Answer: LLVM IR is a typed, SSA-based, target-independent representation that cleanly separates frontend concerns from backend code generation.

Explanation: LLVM IR properties: (1) Strong static typing enforces invariants optimizers can rely on; (2) SSA form makes all data dependencies explicit; (3) Infinite virtual registers — physical register allocation happens only at code-gen time; (4) Explicit memory model with alignment. The separation of concerns is key: C, Rust, Swift, and Haskell frontends all emit LLVM IR, and a single set of optimization passes (InstCombine, GVN, LICM, etc.) improves all of them. The backend then handles target-specific concerns like instruction selection and register allocation.

Q4. How does operator fusion improve GPU performance in TVM?

Answer: Fusion reduces HBM (high-bandwidth memory) traffic by keeping intermediate results in faster on-chip memory (registers or L1/L2 cache).

Explanation: Modern GPUs are often memory-bandwidth-bound rather than compute-bound. Without fusion, each operator writes its output to HBM and the next operator reads it back — very expensive. With fusion, the intermediate result stays in registers or shared memory, and HBM is only accessed for the initial input and final output. Elementwise operators (ReLU, BatchNorm, element-wise add) are especially good fusion candidates because they are 100% memory-bandwidth-bound. TVM's Relay-to-TIR lowering pass identifies fusable operator groups automatically using a dataflow analysis.

Q5. What are the three stages of the torch.compile() stack?

Answer: TorchDynamo (graph capture) → AOTAutograd (autograd pre-compilation) → TorchInductor (kernel generation).

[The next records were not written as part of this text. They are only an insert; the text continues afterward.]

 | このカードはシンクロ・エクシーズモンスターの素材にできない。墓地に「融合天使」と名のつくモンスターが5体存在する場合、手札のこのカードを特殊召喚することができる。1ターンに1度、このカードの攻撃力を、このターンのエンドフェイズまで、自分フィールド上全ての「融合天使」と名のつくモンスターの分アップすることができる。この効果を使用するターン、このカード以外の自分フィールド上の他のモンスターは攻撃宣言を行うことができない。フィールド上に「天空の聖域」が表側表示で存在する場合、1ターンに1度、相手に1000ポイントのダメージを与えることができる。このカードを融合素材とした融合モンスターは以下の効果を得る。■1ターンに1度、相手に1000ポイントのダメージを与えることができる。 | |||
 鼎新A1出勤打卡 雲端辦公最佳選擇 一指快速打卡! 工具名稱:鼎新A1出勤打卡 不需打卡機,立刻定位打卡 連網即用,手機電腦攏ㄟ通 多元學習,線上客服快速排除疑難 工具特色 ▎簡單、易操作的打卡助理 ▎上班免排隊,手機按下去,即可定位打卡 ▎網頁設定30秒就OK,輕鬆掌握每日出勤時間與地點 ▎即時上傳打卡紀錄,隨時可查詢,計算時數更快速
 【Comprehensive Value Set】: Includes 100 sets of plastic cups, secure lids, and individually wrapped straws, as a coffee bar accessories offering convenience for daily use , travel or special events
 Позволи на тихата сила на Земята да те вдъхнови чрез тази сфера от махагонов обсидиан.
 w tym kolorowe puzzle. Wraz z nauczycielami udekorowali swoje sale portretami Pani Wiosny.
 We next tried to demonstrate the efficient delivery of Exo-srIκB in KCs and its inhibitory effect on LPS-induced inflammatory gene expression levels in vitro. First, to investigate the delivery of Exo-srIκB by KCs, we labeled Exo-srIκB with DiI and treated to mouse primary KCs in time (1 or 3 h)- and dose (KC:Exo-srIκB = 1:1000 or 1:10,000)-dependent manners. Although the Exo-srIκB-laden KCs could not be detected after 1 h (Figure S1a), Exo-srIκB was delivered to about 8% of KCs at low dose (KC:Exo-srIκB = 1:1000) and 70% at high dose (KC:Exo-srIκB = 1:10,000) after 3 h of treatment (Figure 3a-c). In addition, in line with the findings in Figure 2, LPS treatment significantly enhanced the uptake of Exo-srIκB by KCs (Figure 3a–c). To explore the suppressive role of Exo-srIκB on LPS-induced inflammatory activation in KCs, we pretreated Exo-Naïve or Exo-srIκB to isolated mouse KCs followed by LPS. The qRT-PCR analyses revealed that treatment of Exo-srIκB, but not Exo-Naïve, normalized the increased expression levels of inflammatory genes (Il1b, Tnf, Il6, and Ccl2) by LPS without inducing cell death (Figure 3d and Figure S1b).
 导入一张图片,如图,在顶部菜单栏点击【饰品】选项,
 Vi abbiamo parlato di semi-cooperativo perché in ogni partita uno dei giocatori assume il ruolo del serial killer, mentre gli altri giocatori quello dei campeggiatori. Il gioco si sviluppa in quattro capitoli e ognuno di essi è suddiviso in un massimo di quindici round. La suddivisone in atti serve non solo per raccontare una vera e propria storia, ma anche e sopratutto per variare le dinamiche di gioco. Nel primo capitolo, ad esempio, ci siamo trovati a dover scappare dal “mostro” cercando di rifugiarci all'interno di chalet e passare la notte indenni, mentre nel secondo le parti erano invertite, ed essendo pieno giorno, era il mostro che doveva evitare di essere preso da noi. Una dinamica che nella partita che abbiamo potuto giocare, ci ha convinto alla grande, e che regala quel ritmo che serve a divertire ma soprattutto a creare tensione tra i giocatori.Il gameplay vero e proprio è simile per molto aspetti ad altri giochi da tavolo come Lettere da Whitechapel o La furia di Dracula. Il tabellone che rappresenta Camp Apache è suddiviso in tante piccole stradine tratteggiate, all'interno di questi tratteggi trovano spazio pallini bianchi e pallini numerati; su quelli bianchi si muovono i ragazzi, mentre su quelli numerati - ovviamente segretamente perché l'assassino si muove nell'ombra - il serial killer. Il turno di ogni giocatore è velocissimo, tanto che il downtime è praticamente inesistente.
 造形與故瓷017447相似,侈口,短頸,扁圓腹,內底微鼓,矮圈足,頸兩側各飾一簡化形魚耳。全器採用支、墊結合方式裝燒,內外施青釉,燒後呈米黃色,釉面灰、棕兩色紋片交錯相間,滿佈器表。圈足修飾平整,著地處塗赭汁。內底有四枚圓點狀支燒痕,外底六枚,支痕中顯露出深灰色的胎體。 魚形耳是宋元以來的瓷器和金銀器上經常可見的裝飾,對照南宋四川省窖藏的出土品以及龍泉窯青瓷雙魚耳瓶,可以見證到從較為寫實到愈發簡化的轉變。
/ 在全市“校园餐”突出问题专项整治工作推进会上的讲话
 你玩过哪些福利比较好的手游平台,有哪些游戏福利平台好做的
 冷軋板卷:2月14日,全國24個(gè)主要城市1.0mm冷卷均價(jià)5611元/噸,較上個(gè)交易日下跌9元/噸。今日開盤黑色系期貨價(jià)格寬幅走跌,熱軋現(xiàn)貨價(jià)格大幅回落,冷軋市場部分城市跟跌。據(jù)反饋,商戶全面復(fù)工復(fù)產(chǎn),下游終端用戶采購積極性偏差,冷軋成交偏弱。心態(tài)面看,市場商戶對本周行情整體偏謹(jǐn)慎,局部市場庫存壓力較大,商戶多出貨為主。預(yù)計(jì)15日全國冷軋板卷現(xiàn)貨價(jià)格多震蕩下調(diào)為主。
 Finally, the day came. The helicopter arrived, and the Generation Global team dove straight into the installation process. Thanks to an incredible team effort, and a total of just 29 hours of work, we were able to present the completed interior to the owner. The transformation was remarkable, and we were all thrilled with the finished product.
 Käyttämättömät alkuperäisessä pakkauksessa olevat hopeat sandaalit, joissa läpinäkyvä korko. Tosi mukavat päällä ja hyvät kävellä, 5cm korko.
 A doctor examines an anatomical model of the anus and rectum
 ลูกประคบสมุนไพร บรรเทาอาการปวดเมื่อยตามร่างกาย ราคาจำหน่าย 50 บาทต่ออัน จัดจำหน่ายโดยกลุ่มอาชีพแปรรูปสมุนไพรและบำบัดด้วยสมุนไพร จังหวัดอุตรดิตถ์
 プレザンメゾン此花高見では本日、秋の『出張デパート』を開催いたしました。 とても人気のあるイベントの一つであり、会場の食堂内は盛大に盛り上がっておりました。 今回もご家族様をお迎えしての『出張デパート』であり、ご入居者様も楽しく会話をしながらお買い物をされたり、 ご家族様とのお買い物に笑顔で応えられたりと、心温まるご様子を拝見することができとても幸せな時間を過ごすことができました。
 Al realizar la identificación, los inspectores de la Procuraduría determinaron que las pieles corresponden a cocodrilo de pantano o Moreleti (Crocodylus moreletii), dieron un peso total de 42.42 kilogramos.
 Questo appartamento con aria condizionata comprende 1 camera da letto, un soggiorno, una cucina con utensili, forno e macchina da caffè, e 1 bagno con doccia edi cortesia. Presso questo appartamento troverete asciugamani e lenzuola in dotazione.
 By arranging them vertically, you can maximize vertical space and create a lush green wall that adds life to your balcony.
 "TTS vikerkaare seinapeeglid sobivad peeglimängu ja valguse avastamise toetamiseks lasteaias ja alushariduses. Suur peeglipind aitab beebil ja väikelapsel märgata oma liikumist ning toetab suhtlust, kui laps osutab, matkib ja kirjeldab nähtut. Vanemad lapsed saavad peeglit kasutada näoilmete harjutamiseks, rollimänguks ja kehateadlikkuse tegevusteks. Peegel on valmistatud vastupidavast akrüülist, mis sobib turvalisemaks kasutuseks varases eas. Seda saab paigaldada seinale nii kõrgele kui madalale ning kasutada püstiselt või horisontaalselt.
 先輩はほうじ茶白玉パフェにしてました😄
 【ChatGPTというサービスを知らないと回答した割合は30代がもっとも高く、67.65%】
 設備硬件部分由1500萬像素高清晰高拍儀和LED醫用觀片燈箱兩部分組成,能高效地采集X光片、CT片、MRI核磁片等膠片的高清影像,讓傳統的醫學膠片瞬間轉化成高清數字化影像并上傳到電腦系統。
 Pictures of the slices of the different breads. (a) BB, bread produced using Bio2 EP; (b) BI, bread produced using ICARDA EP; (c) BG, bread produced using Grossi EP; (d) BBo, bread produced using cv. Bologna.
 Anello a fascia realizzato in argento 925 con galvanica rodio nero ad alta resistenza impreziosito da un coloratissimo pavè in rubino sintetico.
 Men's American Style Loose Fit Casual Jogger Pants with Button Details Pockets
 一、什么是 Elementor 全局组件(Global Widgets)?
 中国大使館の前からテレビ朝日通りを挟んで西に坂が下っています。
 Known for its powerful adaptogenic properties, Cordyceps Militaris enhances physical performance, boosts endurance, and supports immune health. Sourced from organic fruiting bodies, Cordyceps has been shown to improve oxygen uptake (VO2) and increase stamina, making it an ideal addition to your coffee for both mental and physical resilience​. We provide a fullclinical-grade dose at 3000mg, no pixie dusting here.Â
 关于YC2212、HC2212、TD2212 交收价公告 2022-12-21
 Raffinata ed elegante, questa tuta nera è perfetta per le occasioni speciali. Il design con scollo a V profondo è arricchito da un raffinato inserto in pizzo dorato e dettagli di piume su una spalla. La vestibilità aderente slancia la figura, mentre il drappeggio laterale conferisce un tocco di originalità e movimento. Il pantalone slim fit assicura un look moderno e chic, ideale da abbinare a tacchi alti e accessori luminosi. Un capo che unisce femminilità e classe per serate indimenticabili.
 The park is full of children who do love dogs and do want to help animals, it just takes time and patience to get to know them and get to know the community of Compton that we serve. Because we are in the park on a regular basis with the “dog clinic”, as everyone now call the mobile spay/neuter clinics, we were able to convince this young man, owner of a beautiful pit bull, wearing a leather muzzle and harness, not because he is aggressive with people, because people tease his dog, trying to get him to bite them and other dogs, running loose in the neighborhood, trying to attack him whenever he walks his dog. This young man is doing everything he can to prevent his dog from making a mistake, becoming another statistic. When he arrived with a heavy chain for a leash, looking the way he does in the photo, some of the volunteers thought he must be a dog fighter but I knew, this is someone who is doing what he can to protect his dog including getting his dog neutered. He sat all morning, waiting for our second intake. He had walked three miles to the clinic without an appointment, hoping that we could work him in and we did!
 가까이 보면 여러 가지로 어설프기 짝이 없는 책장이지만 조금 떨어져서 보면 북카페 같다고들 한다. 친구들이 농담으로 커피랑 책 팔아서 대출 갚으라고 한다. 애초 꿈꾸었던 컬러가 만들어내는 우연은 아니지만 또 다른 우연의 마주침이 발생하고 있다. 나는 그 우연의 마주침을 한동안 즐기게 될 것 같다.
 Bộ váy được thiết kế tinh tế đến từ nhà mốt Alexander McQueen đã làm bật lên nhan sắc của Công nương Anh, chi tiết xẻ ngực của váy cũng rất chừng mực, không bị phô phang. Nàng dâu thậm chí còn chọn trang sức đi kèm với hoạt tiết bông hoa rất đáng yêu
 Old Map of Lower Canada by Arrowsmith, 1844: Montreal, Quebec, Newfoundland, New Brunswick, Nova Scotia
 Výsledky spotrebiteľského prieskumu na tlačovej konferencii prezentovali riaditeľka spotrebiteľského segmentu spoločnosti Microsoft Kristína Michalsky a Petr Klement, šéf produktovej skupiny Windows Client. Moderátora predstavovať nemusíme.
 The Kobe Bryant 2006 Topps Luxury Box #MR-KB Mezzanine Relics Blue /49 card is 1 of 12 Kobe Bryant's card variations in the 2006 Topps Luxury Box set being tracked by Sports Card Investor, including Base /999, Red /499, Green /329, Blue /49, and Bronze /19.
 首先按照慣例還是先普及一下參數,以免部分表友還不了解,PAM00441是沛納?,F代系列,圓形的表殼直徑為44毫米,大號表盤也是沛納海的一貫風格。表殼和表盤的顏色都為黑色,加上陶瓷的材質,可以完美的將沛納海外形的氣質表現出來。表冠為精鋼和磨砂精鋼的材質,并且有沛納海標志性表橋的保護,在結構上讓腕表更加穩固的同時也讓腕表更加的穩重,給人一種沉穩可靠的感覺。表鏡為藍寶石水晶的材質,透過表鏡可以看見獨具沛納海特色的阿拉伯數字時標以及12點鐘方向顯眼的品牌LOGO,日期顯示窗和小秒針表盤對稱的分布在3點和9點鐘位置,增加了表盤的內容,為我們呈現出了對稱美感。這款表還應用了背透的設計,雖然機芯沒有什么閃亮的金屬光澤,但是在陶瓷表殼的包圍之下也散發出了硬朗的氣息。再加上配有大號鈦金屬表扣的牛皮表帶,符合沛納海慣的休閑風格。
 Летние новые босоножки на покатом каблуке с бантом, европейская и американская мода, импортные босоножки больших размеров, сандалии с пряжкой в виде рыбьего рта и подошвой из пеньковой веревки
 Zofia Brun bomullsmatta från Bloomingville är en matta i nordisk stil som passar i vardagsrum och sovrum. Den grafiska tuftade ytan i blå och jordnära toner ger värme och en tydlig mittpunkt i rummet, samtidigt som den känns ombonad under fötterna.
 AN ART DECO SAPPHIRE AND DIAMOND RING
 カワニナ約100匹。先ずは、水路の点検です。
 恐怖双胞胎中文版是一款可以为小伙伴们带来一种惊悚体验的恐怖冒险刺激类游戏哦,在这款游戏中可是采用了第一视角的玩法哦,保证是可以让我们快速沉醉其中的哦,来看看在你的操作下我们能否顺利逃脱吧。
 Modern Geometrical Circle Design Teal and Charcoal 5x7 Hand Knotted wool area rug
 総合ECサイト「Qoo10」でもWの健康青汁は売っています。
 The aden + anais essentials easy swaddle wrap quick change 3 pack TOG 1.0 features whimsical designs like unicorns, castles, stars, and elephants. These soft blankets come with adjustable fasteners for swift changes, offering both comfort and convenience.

Explanation: (1) TorchDynamo operates at the Python bytecode level. It intercepts execution and traces PyTorch operations into an FX Graph. It handles Python's dynamic behavior (control flow, data-dependent branches) using guards — if a guard is violated at runtime, it recompiles. (2) AOTAutograd takes the forward FX graph and pre-traces through PyTorch's autograd engine to produce a joint forward+backward graph before any execution. (3) TorchInductor converts the FX graph into Triton GPU kernels or C++ CPU code, applying fusion, loop tiling, and vectorization. The mode argument controls the trade-off: 'default' is fast to compile, 'max-autotune' spends more time searching for the best tile sizes and kernel configurations.

Conclusion

Compiler design is not dusty theory — it is the engine powering today's AI infrastructure. torch.compile(), TVM, XLA, and MLIR are all built on decades of compiler research: lexers, parsers, SSA, dataflow analysis, register allocation, and code generation.

Understanding the Lexer → Parser → AST → IR → Optimization → Code Gen pipeline gives you the mental model to understand:

Why GPU kernel fusion matters so much
Why LLVM is the backend for so many languages
Why SSA form is the universal foundation for optimization

Recommended next steps: the LLVM Kaleidoscope tutorial, the TVM documentation, and the PyTorch 2.0 paper (Ansel et al., 2024).